Jason Atwood knows there's a private prom for high schoolers who want to take dates of the same sex. He's been to one.
But Atwood would rather attend a prom at his own high school. However, he worries that he might be barred because his parents won't sign a permission slip.
Jason's mom, Karen Atwood, said Copper Hills High School seems to be asking parents to waive the school's responsibility to protect gay students.
"If the school is not going to offer that protection, we're not going to sign a slip saying we release the school from liability," Karen Atwood said.
But Copper Hills High School assistant principal Marsha Morgan said the permission requirement is going to be revisited. She has confidence everything will be worked out by prom time.
"It was not intended to be discriminatory," Morgan said.
Jason Atwood and another student had simply wanted to make sure the environment would be safe at last month's Sadie Hawkins dance. He asked for a list of chaperones to let them know his date would be a boy, so they could look out for the couple.
"I wanted to make sure we would be free from discrimination," Jason Atwood said, noting his concern arose from harassment at another school's dance.
Morgan said Jason Atwood first brought the request to an assistant principal and then to principal Tom Worlton, who said the boy's parents would have to be OK with it.

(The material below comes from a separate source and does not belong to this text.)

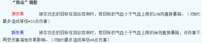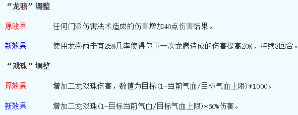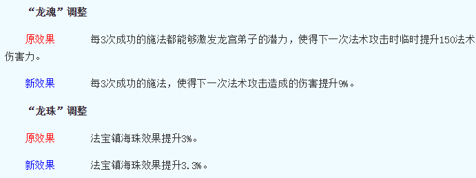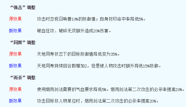 龙骇调整对于对面罗汉了秒不动,需要龙腾BB的时候还是很有利的。 二龙,对方满血,不增加伤害;对方半血,增加25%伤害,对方空血,增加50%伤害。 总的来看,对面有罗汉,二龙跪了,对面没罗汉,是加强,特别是对面有脆皮一速封的时候。 服战大热门WZ终遭策划毒手。。。。 清宝宝效率下降,不过破血破碎给予加强。另外,破碎提升20%伤害是否包括打蓝,有待验证。 天地正常效果是降低50%防御,并且额外受到50%的物理伤害结果,持续5回合,变净瓶是20回合。 现在天地不能永恒,持续7回合,被对面人物攻击视为防御降低了65%,这下谁用谁死。 烟雨也削弱了,气血要求的提高会使得很多不明就里的玩家罚站1回合。 算是非常微弱的削弱吧。 这里的伤害减免效果,WD的明光宝烛就算一个。 [编辑:夏大雨]

Worlton was not working from policy but a judgment call, Morgan said, who is acting principal while Worlton is having knee surgery.

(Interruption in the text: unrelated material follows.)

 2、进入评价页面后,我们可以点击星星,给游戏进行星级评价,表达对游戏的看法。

Worlton's judgment call was supported by the district.
"This is purely a safety issue," district spokesman Michael Kelley said. "If there is a concern about the safety of a student, it's our responsibility and obligation to make sure parents are aware of that."

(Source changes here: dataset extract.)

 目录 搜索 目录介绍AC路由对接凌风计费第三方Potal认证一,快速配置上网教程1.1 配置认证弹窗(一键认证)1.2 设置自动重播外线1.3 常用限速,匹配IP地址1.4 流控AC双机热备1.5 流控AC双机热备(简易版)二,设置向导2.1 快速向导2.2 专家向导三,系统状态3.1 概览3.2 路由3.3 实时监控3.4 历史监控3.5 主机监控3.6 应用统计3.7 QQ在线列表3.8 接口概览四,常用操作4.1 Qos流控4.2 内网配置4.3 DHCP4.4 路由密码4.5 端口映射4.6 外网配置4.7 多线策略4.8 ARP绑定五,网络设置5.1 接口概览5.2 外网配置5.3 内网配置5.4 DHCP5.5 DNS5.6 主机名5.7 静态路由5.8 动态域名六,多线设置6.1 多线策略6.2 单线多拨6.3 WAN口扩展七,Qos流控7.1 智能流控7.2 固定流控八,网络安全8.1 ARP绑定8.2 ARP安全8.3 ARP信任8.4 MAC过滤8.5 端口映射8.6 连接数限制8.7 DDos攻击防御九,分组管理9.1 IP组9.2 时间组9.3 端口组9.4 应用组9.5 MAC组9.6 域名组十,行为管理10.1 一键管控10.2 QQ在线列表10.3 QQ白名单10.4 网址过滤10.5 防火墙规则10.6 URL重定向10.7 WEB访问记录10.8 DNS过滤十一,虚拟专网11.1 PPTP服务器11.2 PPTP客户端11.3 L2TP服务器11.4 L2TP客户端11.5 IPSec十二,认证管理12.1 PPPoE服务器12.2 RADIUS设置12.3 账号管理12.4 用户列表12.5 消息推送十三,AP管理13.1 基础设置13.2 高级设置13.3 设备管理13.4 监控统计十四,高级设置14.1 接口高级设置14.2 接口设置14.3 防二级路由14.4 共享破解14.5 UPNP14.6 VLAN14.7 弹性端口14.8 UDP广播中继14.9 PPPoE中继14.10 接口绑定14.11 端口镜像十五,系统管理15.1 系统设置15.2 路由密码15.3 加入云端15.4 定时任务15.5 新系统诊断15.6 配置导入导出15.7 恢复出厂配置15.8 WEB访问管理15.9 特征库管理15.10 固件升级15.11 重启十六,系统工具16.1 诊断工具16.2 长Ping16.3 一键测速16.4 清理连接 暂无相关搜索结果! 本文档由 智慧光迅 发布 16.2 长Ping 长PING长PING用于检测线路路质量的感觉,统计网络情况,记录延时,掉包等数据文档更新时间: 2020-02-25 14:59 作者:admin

But Karen Atwood wonders if the school is discriminating against her son and trying to shirk its responsibility to protect him.
"Jason gets harassed quite a bit at school just because he's gay," she said. "I just hope the school has the decency to correct its policy and make it a safe environment for all their students."
Worlton's decision prompted protests by some students. They also contacted the ACLU, which offered to step in if needed. On Friday, Worlton sat down with the students and said he'd rethink his decision.
"They had a good talk, listened and shared understanding from where both parties were coming from . . . and Mr. Worlton did agree to again look at that decision before the next date dance," likely the junior prom, Morgan said.While Worlton may not return in time to reverse the decision before the New Year's dance in January, Morgan said she's confident everything will be worked out.